Sunday, January 12, 2014

Profane Tales: Melancholy & Magic (part 2 of 2)



4-unicorn & siren
THE UNICORN found welcomed silence among the Fairy forest. He found a tree to lean against, for he was bone-weary and ready to sleep without waking.

Solitude was cut short by the sound of a woeful song. The voice was one the Unicorn thought he knew, female and too enchanting to be mortal. It may have worked to weary a mortal traveler into lying down to weep. But he was not mortal. Instead he was filled with curiosity.

"Your ha ho has. So full of joy.
words you pass make me a toy.
My wings are soaked,
my bones already dried.
So build you hungry fire.
So build it high.
Your painted lies, your this and thats

Your torchlight cries with sharpened flats
My wings are broken, so throw your spears
You delay my defeat
‘for cries are music to your ears."

A sob broke the ballad’s end and by then the Unicorn found the Siren beneath a tree, knees hugged to her chest. A veil half-concealed her countenance but he knew there was only one siren with a veil. That of their oracle.

"You sing when it does you no good, siren. Tamryn, dry your ears and fly from this world.

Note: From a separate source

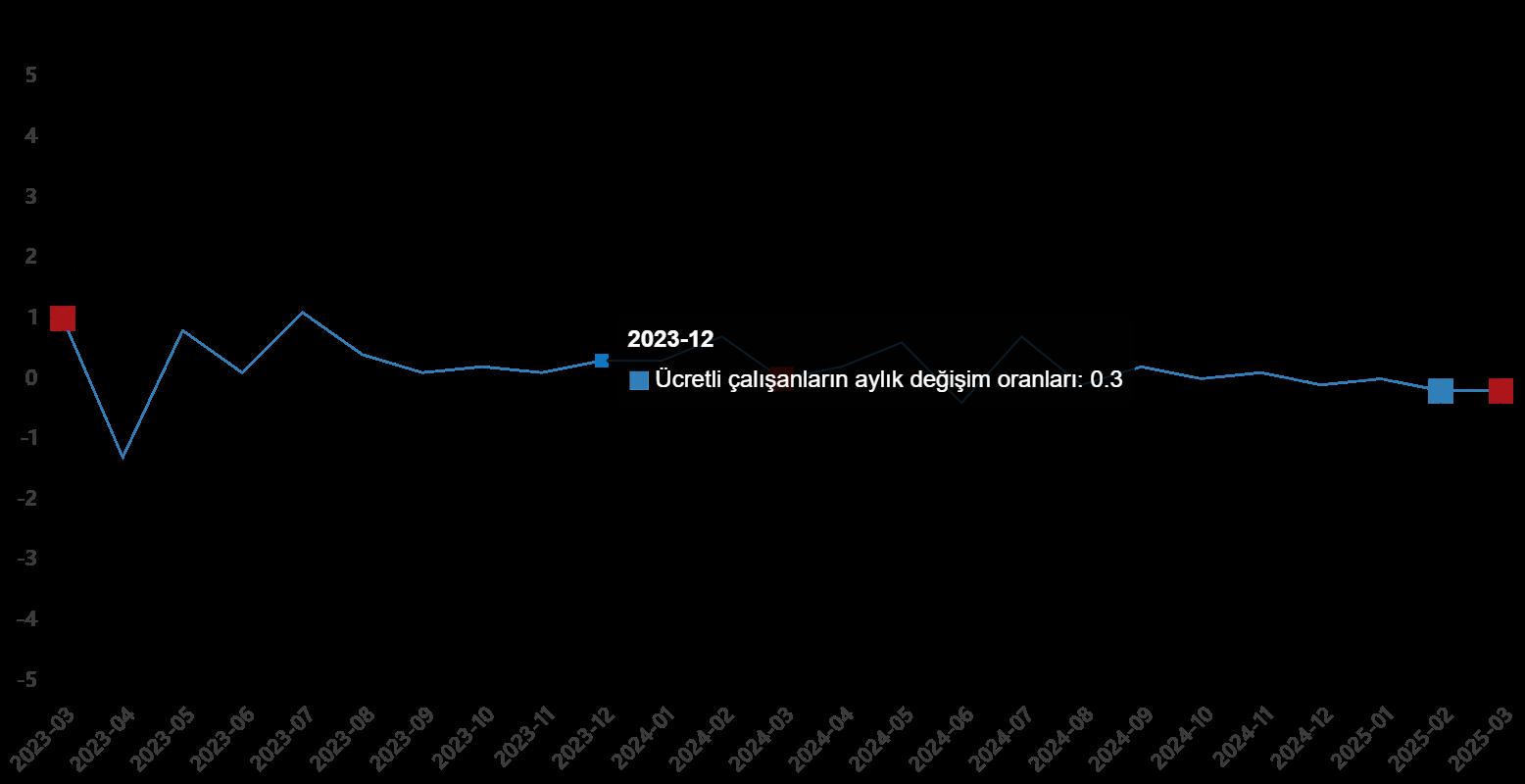Ücretli çalışanların alt ayrıntılarına bakıldığında; 2025 Mart ayında fiyatlı çalışanlar aylık olarak sanayi kesiminde %0,7 azaldı, inşaat kesiminde %0,7 azaldı ve ticaret-hizmet kesiminde %0,1 arttı.

It is not for you. You are demon and they are fae."

"I belong in no world now. I am the last of my kind," she sighed and lowered her head, dark hair falling in a curtain.

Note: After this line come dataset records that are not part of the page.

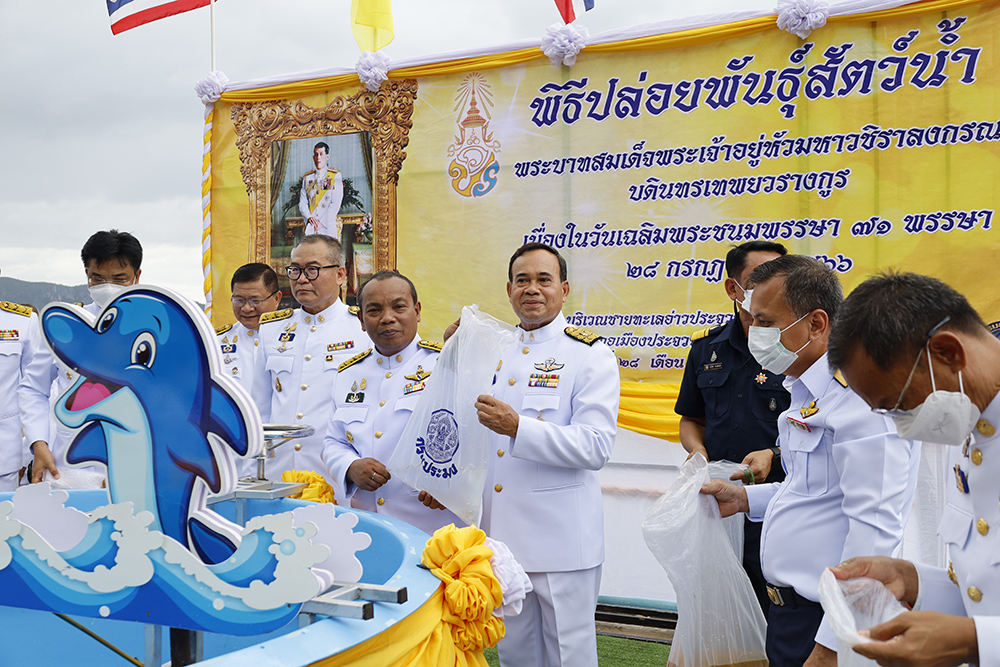 โอกาสนี้ ได้นำหัวหน้าส่วนราชการ ข้าราชการ ประชาชนผู้เข้าร่วมพิธี ร่วมกิจกรรมปล่อยพันธุ์สัตว์น้ำเพื่อเฉลิมพระเกียรติ พระบาทสมเด็จพระเจ้าอยู่หัว รัชกาลที่ 10 ที่ บริเวณอ่าวประจวบฯ ด้านหน้าสำนักงานองค์การบริหารส่วนจังหวัดประจวบคีรีขันธ์ อีกด้วย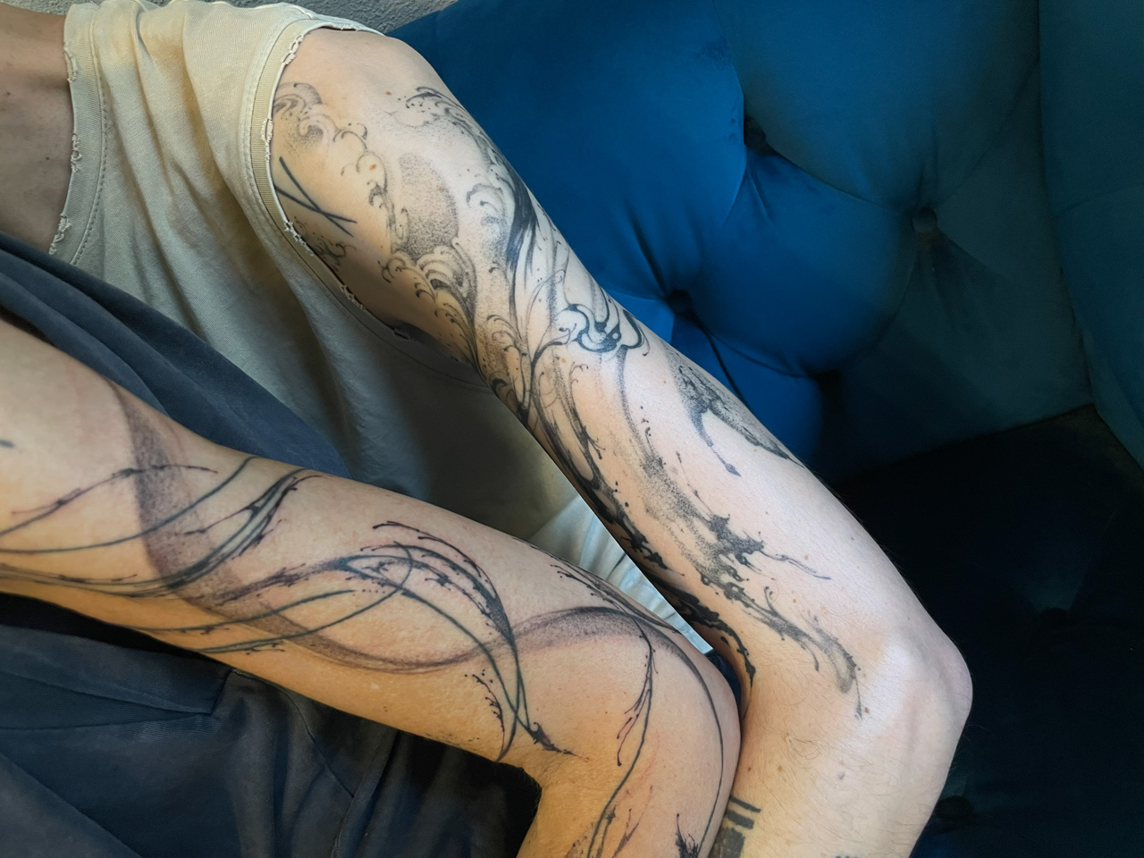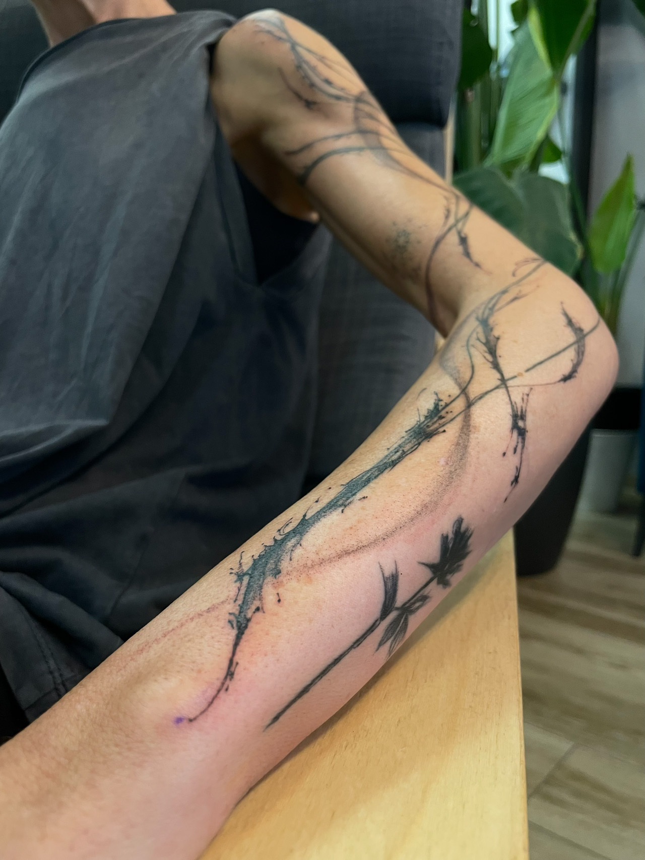Aproveché el movimiento que ya tenía su tatuaje anterior para integrarlo y darle nueva vida. El resultado fue fresco, dinámico y completamente suyo. Inma estaba feliz. Me dijo que ya podía mirarse el brazo cada día con orgullo, y eso es lo que más me llena.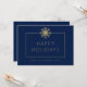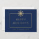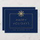 Il est facile d'envoyer des voeux de vacances à vos clients avec cette carte de vacances élégante d'entreprise. Ce design moderne de carte de séjour d'affaires présente une couleur arrière - plan bleu marine foncé avec un seul flocon de neige dans une teinte dorée. Ce modèle de carte d'invitation à plat fournit un espace réservé pour le logo de votre entreprise ainsi qu'un message personnalisé à vos clients au dos de la carte! Pour changer la couleur du arrière - plan ou ajouter une photo et pour plus d'options de personnalisation, sélectionnez l'option "Customiser".

The Unicorn saw no wings but he knew it was an illusion to make her seem harmless. He kept his distance, for though they dined on men, sirens were unpredictable.

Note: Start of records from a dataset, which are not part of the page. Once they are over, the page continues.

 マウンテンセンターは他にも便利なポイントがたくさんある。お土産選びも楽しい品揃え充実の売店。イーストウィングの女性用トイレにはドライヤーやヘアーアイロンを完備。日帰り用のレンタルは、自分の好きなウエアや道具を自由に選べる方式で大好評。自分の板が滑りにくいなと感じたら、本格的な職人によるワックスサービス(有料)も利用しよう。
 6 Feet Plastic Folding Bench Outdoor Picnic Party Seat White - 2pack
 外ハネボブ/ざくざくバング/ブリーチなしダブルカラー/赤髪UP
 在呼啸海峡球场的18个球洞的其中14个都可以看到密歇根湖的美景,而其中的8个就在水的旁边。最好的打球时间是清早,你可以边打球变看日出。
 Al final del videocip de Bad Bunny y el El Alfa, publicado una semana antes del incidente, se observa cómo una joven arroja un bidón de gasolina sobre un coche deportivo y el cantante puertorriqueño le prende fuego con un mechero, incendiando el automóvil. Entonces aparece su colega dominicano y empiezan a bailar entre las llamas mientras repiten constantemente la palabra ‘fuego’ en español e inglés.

"If you are the last then a decision should be made whether you wish to perish or live on. Action must be taken. Passivity is nothing and will lead to nothing."

"And so you are here to mock me, too?" the Siren asked.

"I find few things funny, Siren. Our melancholy is as one. They have all broken my horn."

This captured the creature's ear and she lifted her head. "I see your horn, Unicorn."

"And I still see your wings beneath the glamor."

There was a faint smile behind the veil. "We are of opposing natures. You protect innocence and purity."

"Sirens eat the tempted mortal. I do not see how this makes us very different."

"I..." she told him with a sharp gesture "eat virgins."

"I see." The Unicorn lowered his horn. It was not something he wished to do, to slay this pitiful creature. Likewise, she rose to his challenge. As his horn let out a ghostly light, her disguise as an ordinary woman melted. She spread her arms, her veil going black and feathers appearing where her white dress had been. Great, magnificent black wings unfolded before the Unicorn and where had sat a demur creature a fearsome Siren with midnight-black wings awaited the white creature's next move.

The Unicorn backed. "I do not wish to fight you."

"I do not wish to fight you," the Siren returned.

"Lower your wings and I shall lower my horn."

The Siren was afraid, this was clear in the way her feathers ruffled. But she lowered her wings. For this show of trust, the Unicorn lowered his horn. He also set his head down and began to walk away. The demoness followed, at first in silence but then "May I join you? I promise I will not touch you."

"Yes, you may come along. I am leaving this world. I must return to the mortal one, where demons and men have free reign."

"I must, too."

"Then walk by my side."

Tamryn obeyed. The veiled Siren walked with the unicorn, neither touching but each smiling slightly.


5-
the Unicorn lives
IN THE mortal kingdom, the executioner still waited with an assembly of guards. All hung their head when they saw the white creature approaching. The Unicorn was luminous at night, like a beam of moonlight. His own head was not hung as low as earlier but he approached his certain death with a steady gaze.

"I had hoped...he would not come," spoke one man, echoing the thoughts of all.

Of all the heads hung, the executioner's was the heaviest. He was now to behead a unicorn.

The Unicorn knelt before the tree stump where he was to place his head. "I have known so much time that Death appears like dawn light and tomorrow sounds like Nothing."

A long silence stretched over them all as the unicorn offered his neck to cut.

But a voice glided through the quiet. It was a feminine voice, its words difficult to discern.

Yet the Unicorn knew enchantment when he heard it. Of all the men about to witness this execution, it was the executioner who stirred at the sound of the voice.

"She is calling me..." he whispered.

"Do not listen to it!" one of the men warned him.

"I have no choice..." he told the others. Then, with his axe in hand, he followed the voice. “It is the Angel of Death.

Deeper into the forest, the voice was singing. Beckoning the innocent and the pure to an embrace.

Only the bravest guards chased after him in an attempt to break his trance.


By the castle, the Unicorn stood. He had begun to trot into the forest after the Executioner. But fanfare announced the return of someone of the the princess Amethyst.

The Unicorn turned as lift of gloom could be seen on the way he ran. While the other men were discovering the Executioner's axe, the virgin and the Unicorn were reunited. Somewhere in the shadows of the forest, the siren watched, humming a merry tune.